» **Task instructions**
In the records below, take the line with "Infantil: Vasco faz" and all lines after it, and copy them exactly, pictures excluded.
┏━━
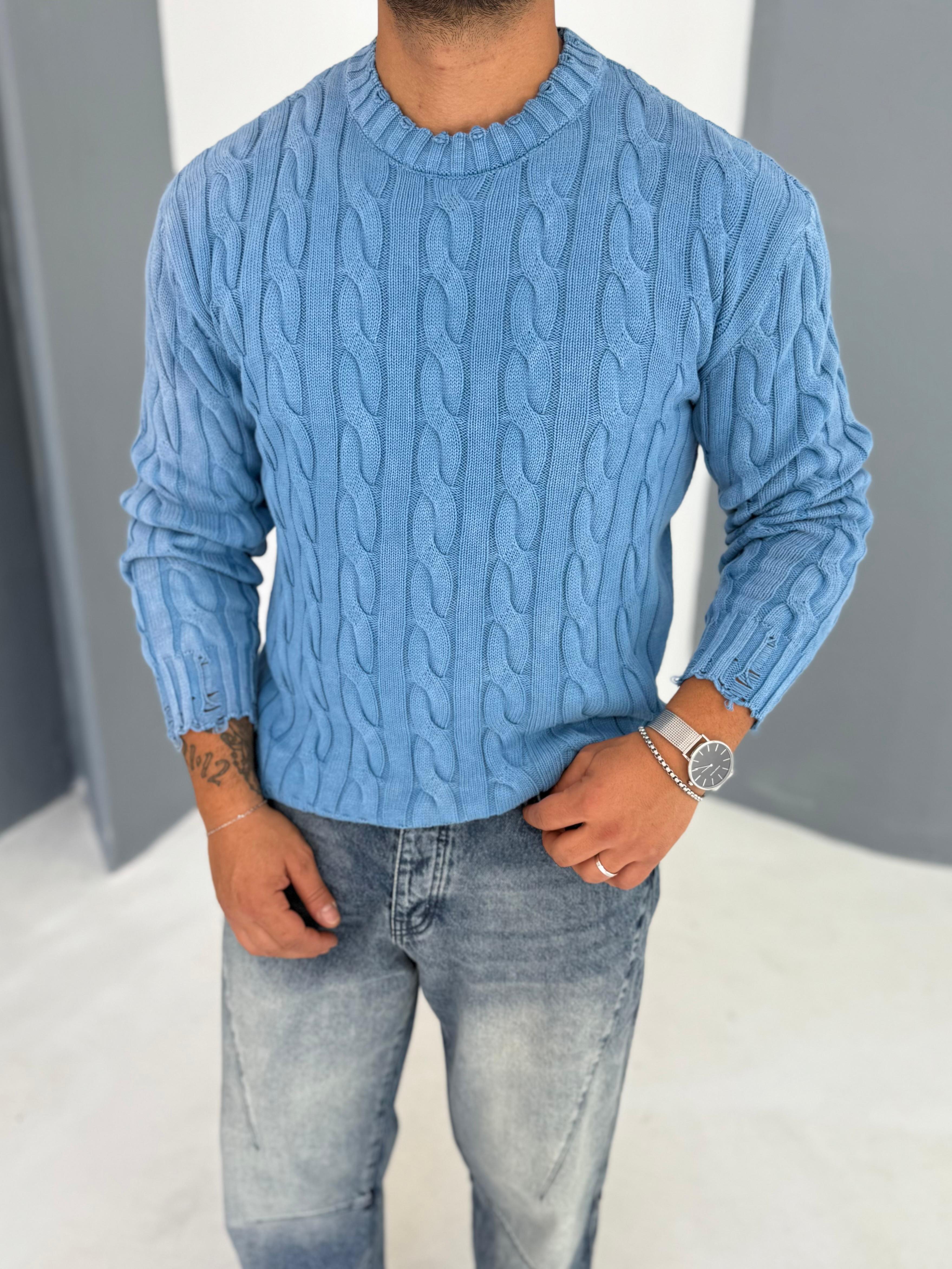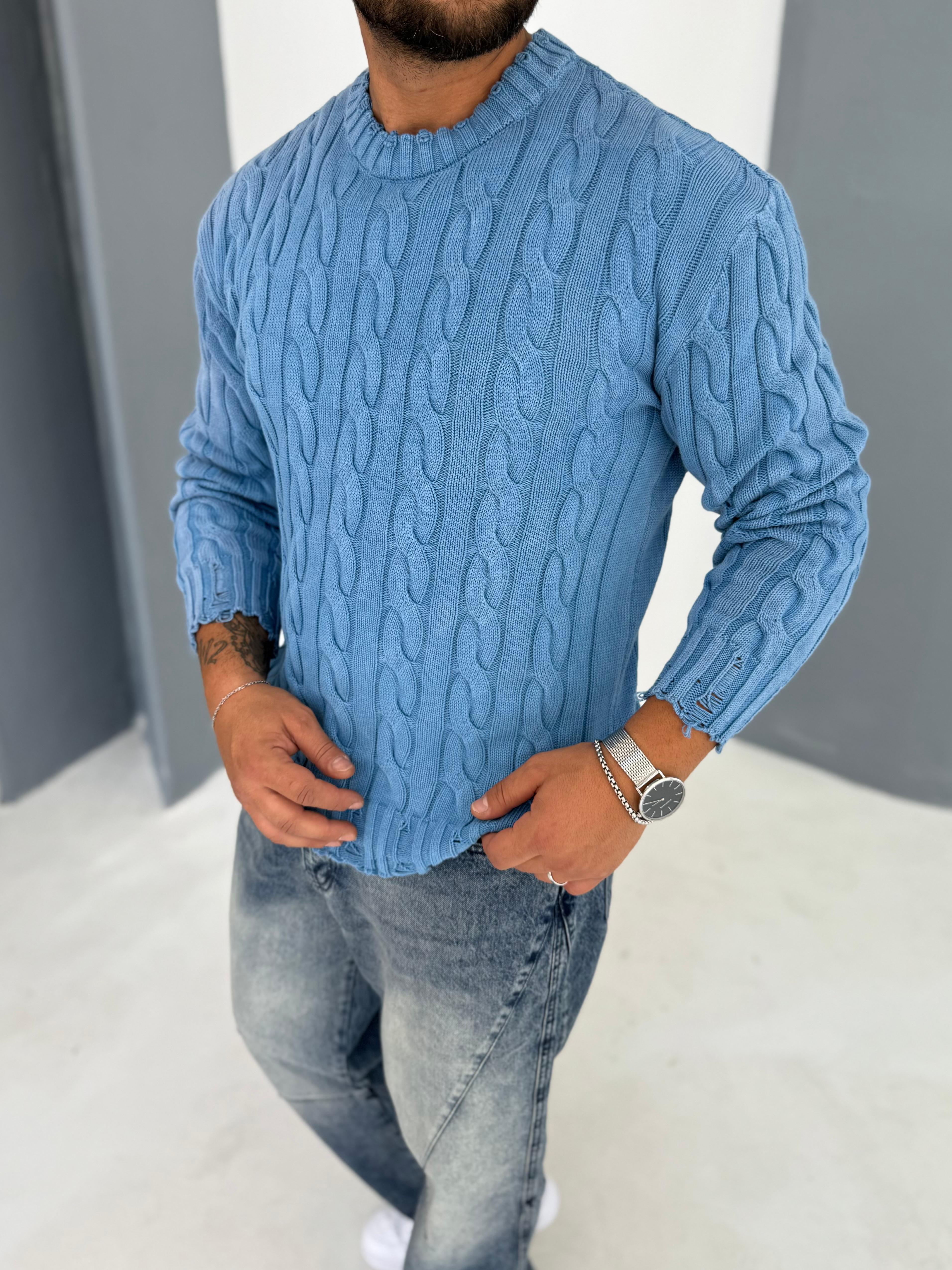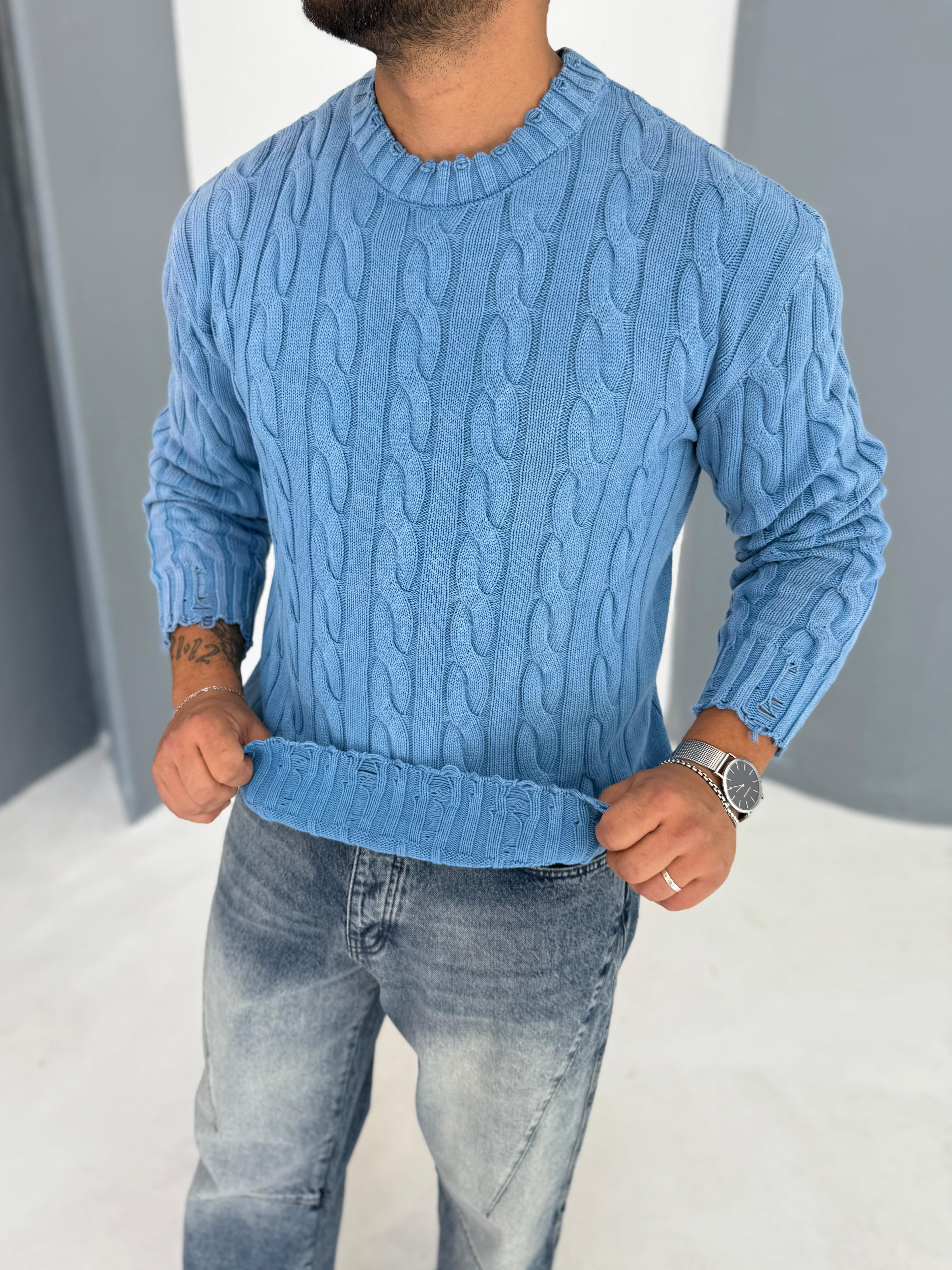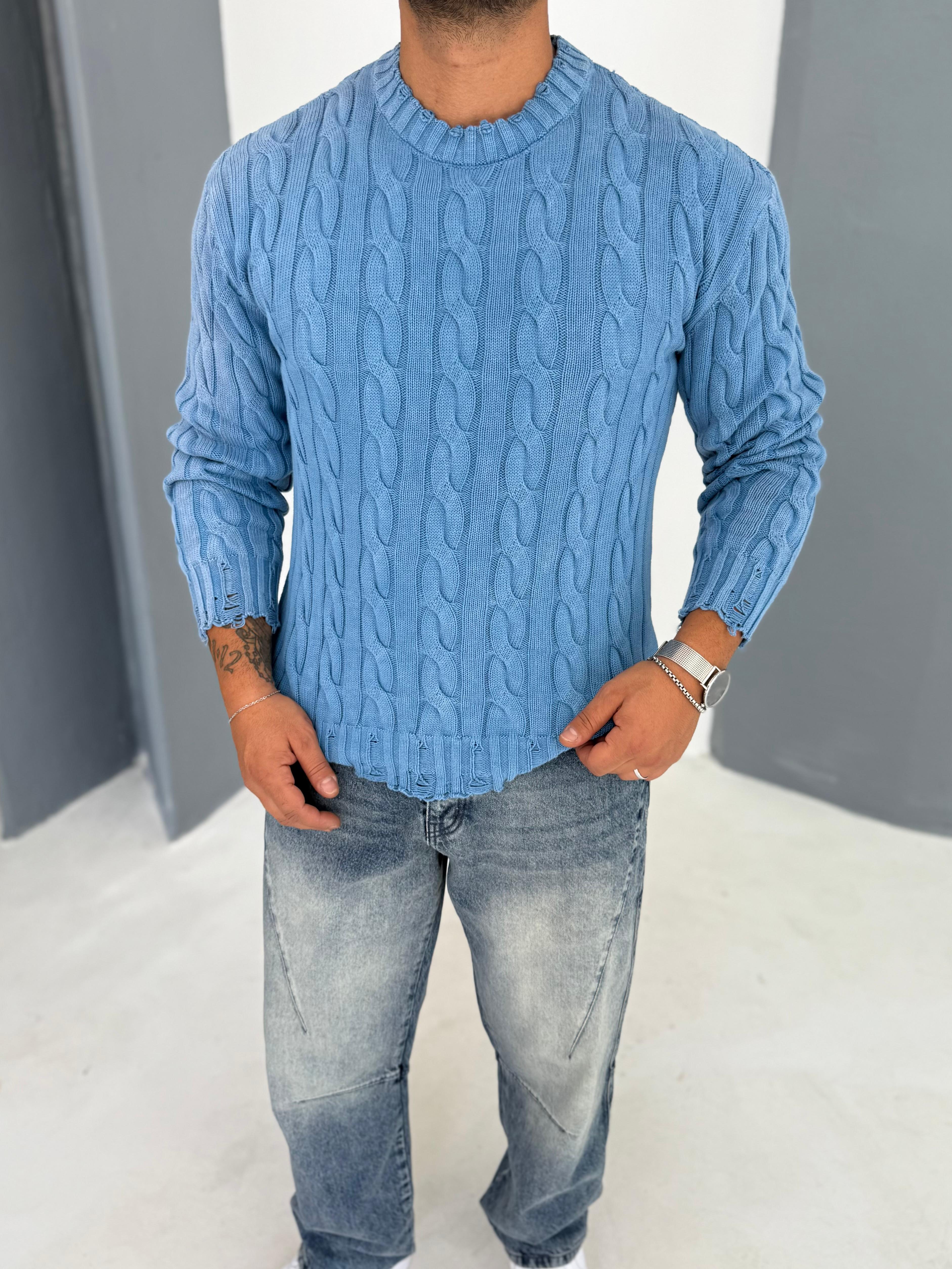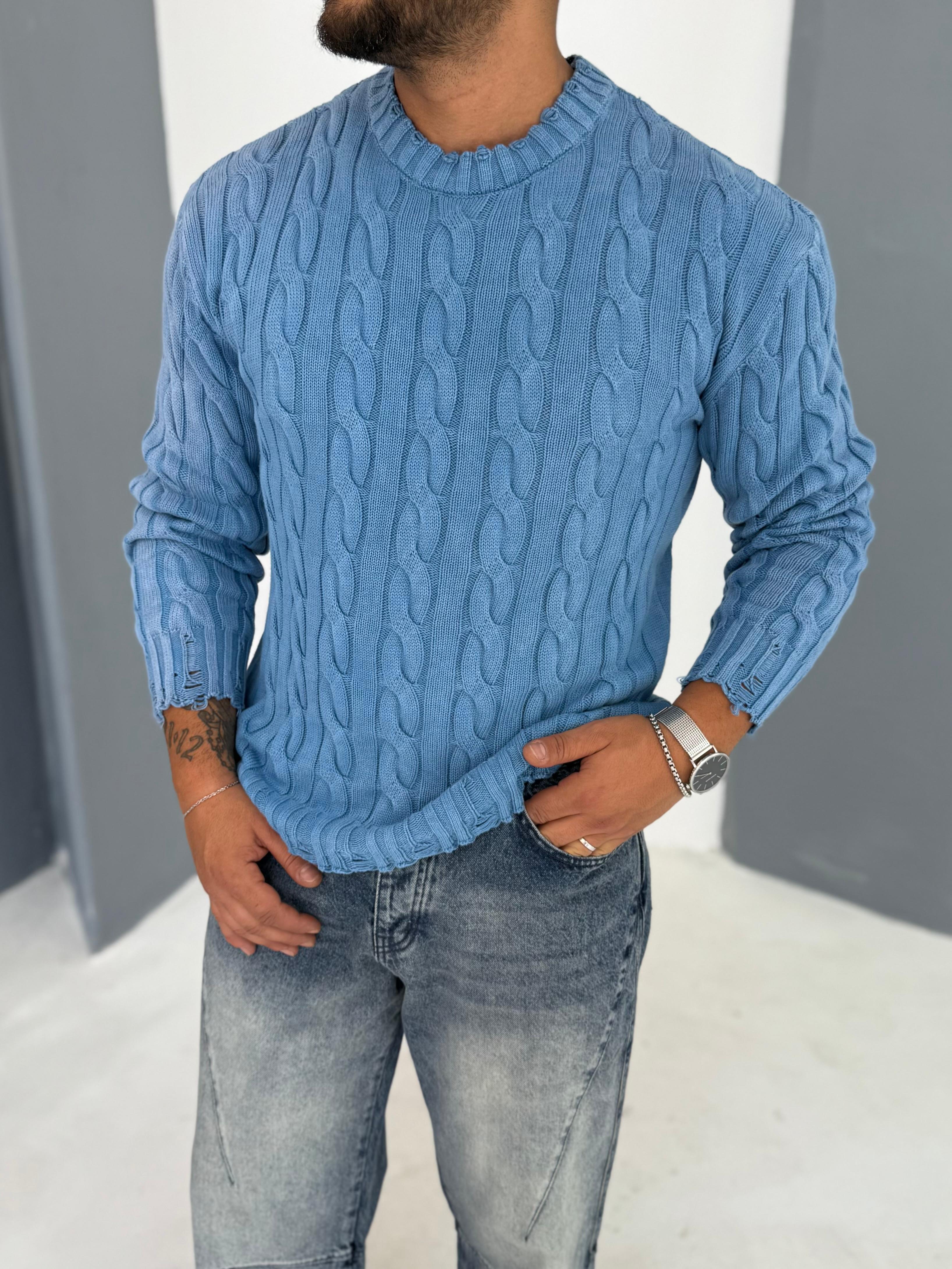 Yıkamalı Örgü Desen Mavi Triko
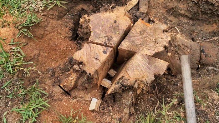 Комбинируя клинья, вбиваем их между двумя четвертинками пня до тех пор, пока одна из них или даже две не сломаются и не отделятся от основного или боковых корней. Мы это поймем по характерному треску, свойственному перелому волокон древесины.
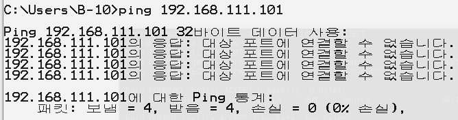 - 이제 호스트pc에서는 ping이 가는데 클라이언트 pc에서는 ping이 안 간다.
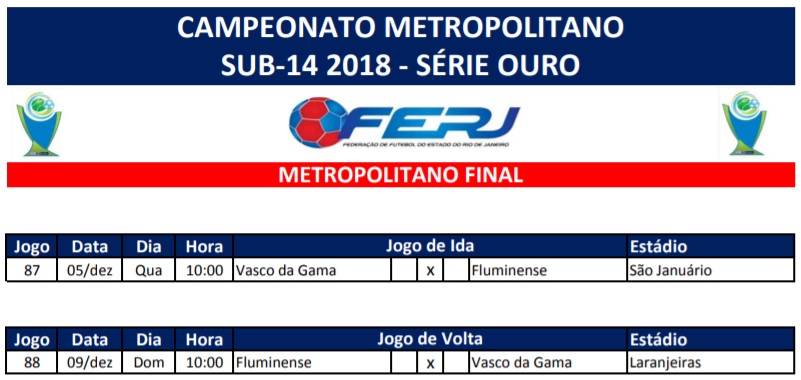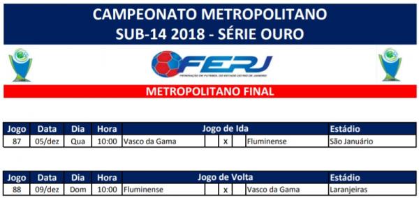 Infantil: Vasco faz 1º jogo da decisão do Metropolitano Sub-14 contra o Fluminense nesta 4º às 10h em São Januário
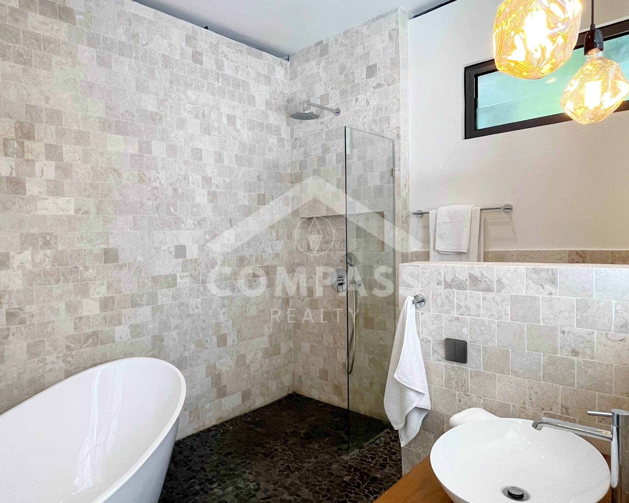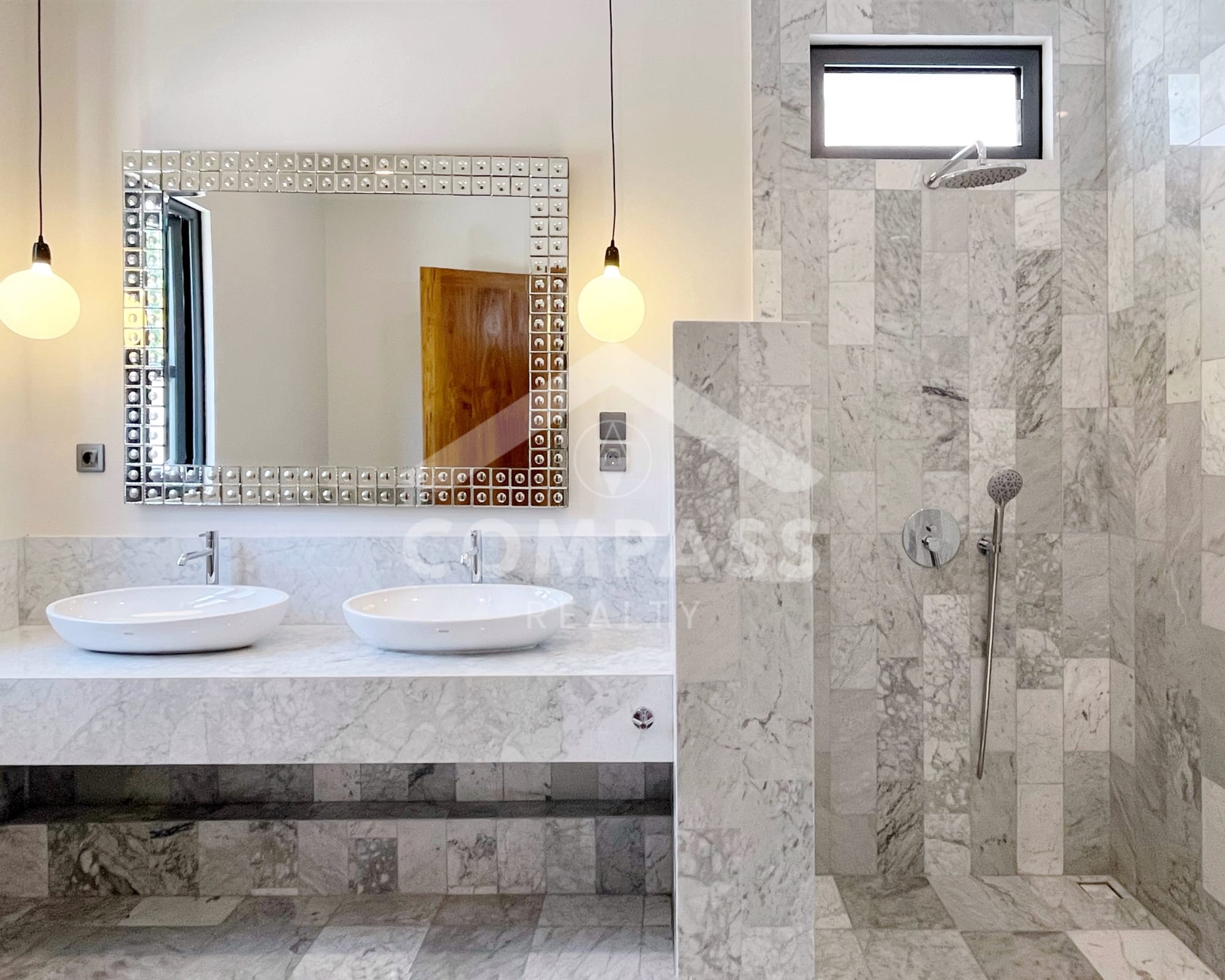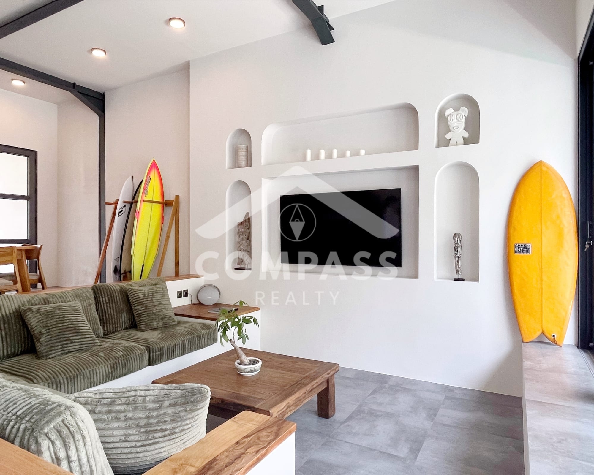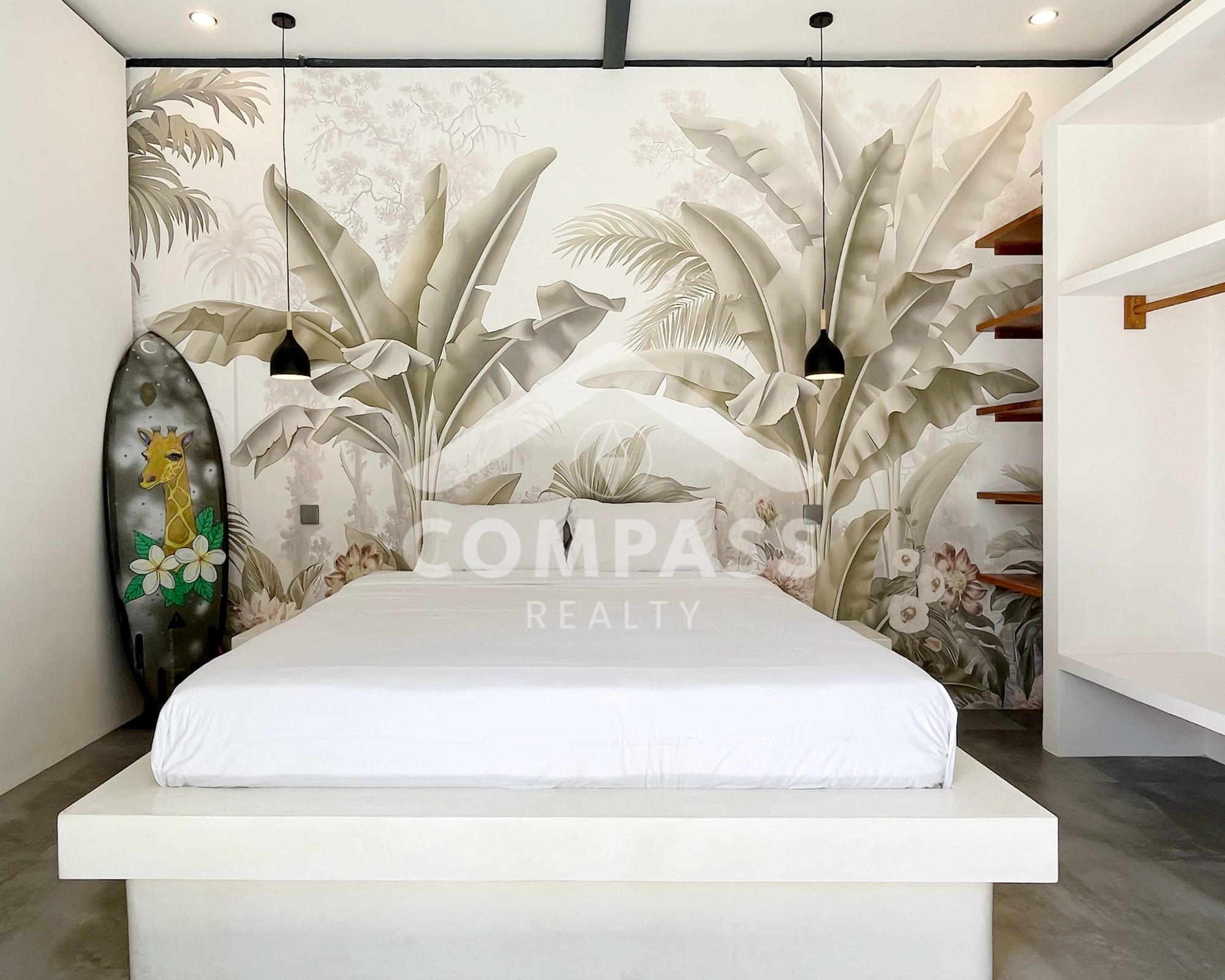 High-end finishes are evident in the choice of materials, from bengkirai and teak wood, marble in the kitchen and bathrooms, to high-quality, durable door frames. The home is also equipped with high-quality appliances, such as Electrolux, Hafele, and Midea kitchen appliances, as well as a 60-inch Samsung TV.
┗━━
» **Exercise solution**
 Infantil: Vasco faz 1º jogo da decisão do Metropolitano Sub-14 contra o Fluminense nesta 4º às 10h em São Januário
 High-end finishes are evident in the choice of materials, from bengkirai and teak wood, marble in the kitchen and bathrooms, to high-quality, durable door frames. The home is also equipped with high-quality appliances, such as Electrolux, Hafele, and Midea kitchen appliances, as well as a 60-inch Samsung TV.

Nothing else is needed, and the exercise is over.